SUPPLIED MATERIAL:
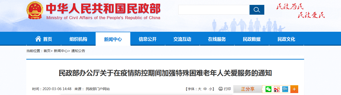 3月6日,民政部辦公廳印發(fā)《關(guān)于在疫情防控期間加強特殊困難老年人關(guān)愛服務(wù)的通知》(民辦發(fā)〔2020〕7號,以下簡稱《通知》),就新冠肺炎疫情防控期間加強對因疫情在家的孤寡老人等特殊困難老年人關(guān)愛服務(wù)作出部署。
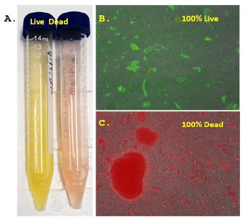 Figure 2: Macro (panel A) and microscopic (400X in panels B and C) results showing the differential green SYTO 9 fluorescent staining of 100% live 3 day T. pallidum culture and red propidium iodide fluorescent staining of 100% dead alcohol-treated T. pallidum cells using the Invitrogen BacLight™ Live/Dead assay kit.
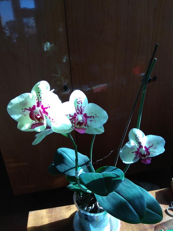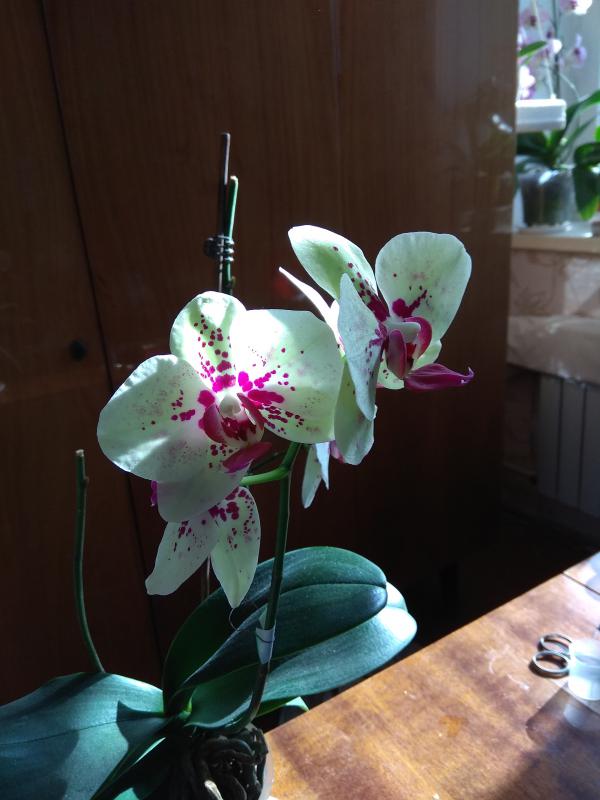 Манхеттен, самая первая моя орхидея и самая любимая, куплена 7 лет назад, как оказалось позже в плохом состоянии, короче выжила. Больше шести листьев на ней никогда не было. 3 года назад пересажена в закрытую систему. Цветунья старательная. И всегда когда зацветает зимним цветением, обязательно успеет к моему дню рождения!) Что вдруг произошло в этом году - она ВДРУГ начала пахнуть! Этого точно никогда небыло, У меня тут появилось много орхидей, с некоторыми старушками пришлось расстаться, её я точно бы никому не отдала. И вот такой подарок - нежный приятный, слабый аромат, напоминающий аромат шиллерианы.

TASK BRIEF: Would you copy out every line of the data above exactly, minus the pictures?

ANSWER SECTION:
 3月6日,民政部辦公廳印發(fā)《關(guān)于在疫情防控期間加強特殊困難老年人關(guān)愛服務(wù)的通知》(民辦發(fā)〔2020〕7號,以下簡稱《通知》),就新冠肺炎疫情防控期間加強對因疫情在家的孤寡老人等特殊困難老年人關(guān)愛服務(wù)作出部署。
 Figure 2: Macro (panel A) and microscopic (400X in panels B and C) results showing the differential green SYTO 9 fluorescent staining of 100% live 3 day T. pallidum culture and red propidium iodide fluorescent staining of 100% dead alcohol-treated T. pallidum cells using the Invitrogen BacLight™ Live/Dead assay kit.
 Манхеттен, самая первая моя орхидея и самая любимая, куплена 7 лет назад, как оказалось позже в плохом состоянии, короче выжила. Больше шести листьев на ней никогда не было. 3 года назад пересажена в закрытую систему. Цветунья старательная. И всегда когда зацветает зимним цветением, обязательно успеет к моему дню рождения!) Что вдруг произошло в этом году - она ВДРУГ начала пахнуть! Этого точно никогда небыло, У меня тут появилось много орхидей, с некоторыми старушками пришлось расстаться, её я точно бы никому не отдала. И вот такой подарок - нежный приятный, слабый аромат, напоминающий аромат шиллерианы.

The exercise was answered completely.